New in v2.4.

How to run the analysis?

In the Analysis menu, choose Interrater reliability analysis..., select the variables that include the raters’ scores, and choose if the mean of the raters’ scores/measurements will be used (Ratings are averaged).

Components of the results

Raw data

  • The number of observed and missing cases are displayed.
  • The raters’ scores/measurements for all cases are displayed in a chart. On the x-axis, the raters/measurements are displayed, and every line is a case.

Sample properties

  • The individual data of the raw data together with the related box plots are displayed.
  • The intraclass correlation (ICC) values (see below) of the sample are shown.

Population properties

  • Assumptions of the inferential methods are checked. If assumptions are not met, then the parameter estimations and the hypothesis tests may be biased.
  • Parameter estimations of the ICC values (see below) are shown.
  • Hypothesis tests showing whether the ICCs differ from zero are displayed.

ICC values

In CogStat, ICC terms follow the suggestion McGraw and Wong (1996). See the meaning of these indexes in the table below.

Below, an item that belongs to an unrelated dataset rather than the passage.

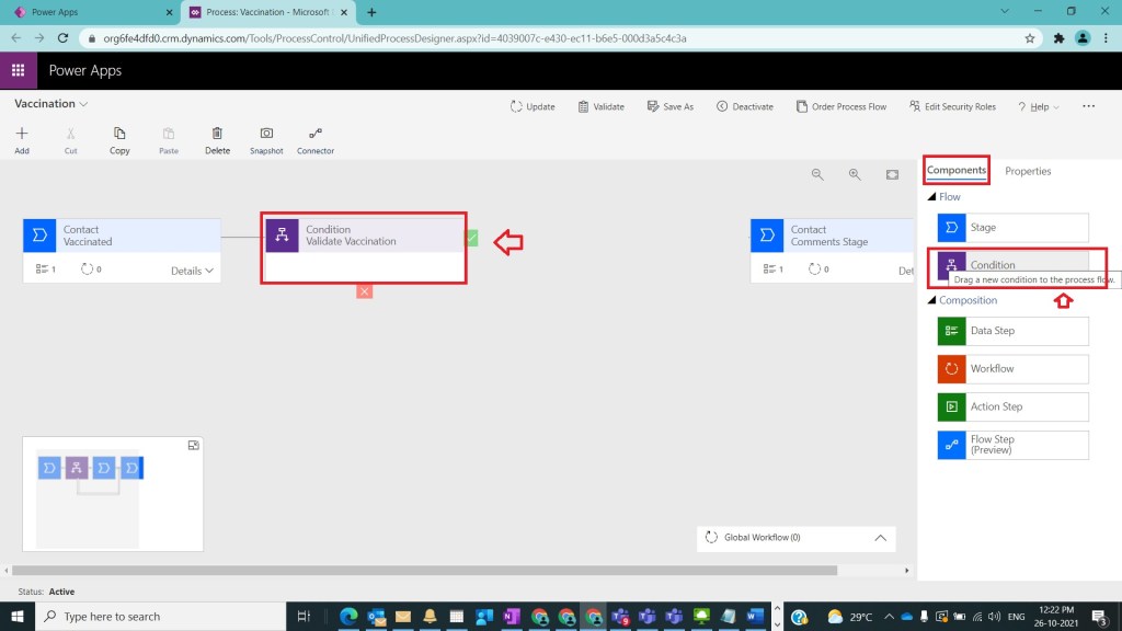 After Step1, click on Vaccination flow and click on edit and go to components and select Condition Component and drag and drop it to Business Process Flow Designer and name it as Validate Vaccination as shown in the below figure.

In some other packages, and in many papers, the terms of Shrout and Fleiss (1979) are used. It is recommended to use the McGraw and Wong (1996) terms. Still, for having CogStat results comparable with other packages, the table below displays the related Shrout and Fleiss (1979) terms.

McGraw and Wong (1996) terms Description of the index Shrout and Fleiss (1979) terms
ICC(1) No role for the raters/measurements.
Single rater/measurement.
ICC(A,1) Absolute agreement between raters/measurements.
Single rater/measurement.
ICC(C,1) Consistency (relative agreement) between raters/measurements.
Single rater/measurement.
ICC(k) No role for the raters/measurements.
Ratings/measurements averaged.
ICC(A,k) Absolute agreement between raters/measurements.
Ratings/measurements averaged.
ICC(C,k) Consistency (relative agreement) between raters/measurements.
Ratings/measurements averaged.
(Cronbach’s alpha)

While, in some other software packages, the user chooses the assumed variances of raters/measurements, CogStat follows a different logic.

  • Instead of relying on the often unjustifiable variance assumptions, CogStat relies on the McGraw and Wong (1996) terms, and ICC indexes are interpreted as different properties of the ratings/measurements.
  • CogStat follows the strategy proposed by Liljequist et al. (2019): All the three ICC indexes are calculated. If the index assuming no role of raters/measurements and the C/A indexes do not differ, then the raters/measurements have no role, and the ICC(1)/(k) index can be reported. If the indexes differ, then ICC(1)/(k) index makes no sense, and both the C and the A indexes should be reported (they are sensitive to different properties of the ratings).

See also

See also the similar analysis of the internal consistency reliability analysis and all the reliability analyses that are supported by CogStat.


Liljequist, D., Elfving, B., & Roaldsen, K. S. (2019). Intraclass correlation – A discussion and demonstration of basic features. PLOS ONE, 14(7), e0219854.

McGraw, K. O., & Wong, S. P. (1996). Forming inferences about some intraclass correlation coefficients. Psychological Methods, 1, 30–46.

Shrout, P. E., & Fleiss, J. L. (1979). Intraclass correlations: Uses in assessing rater reliability. Psychological Bulletin, 86, 420–428.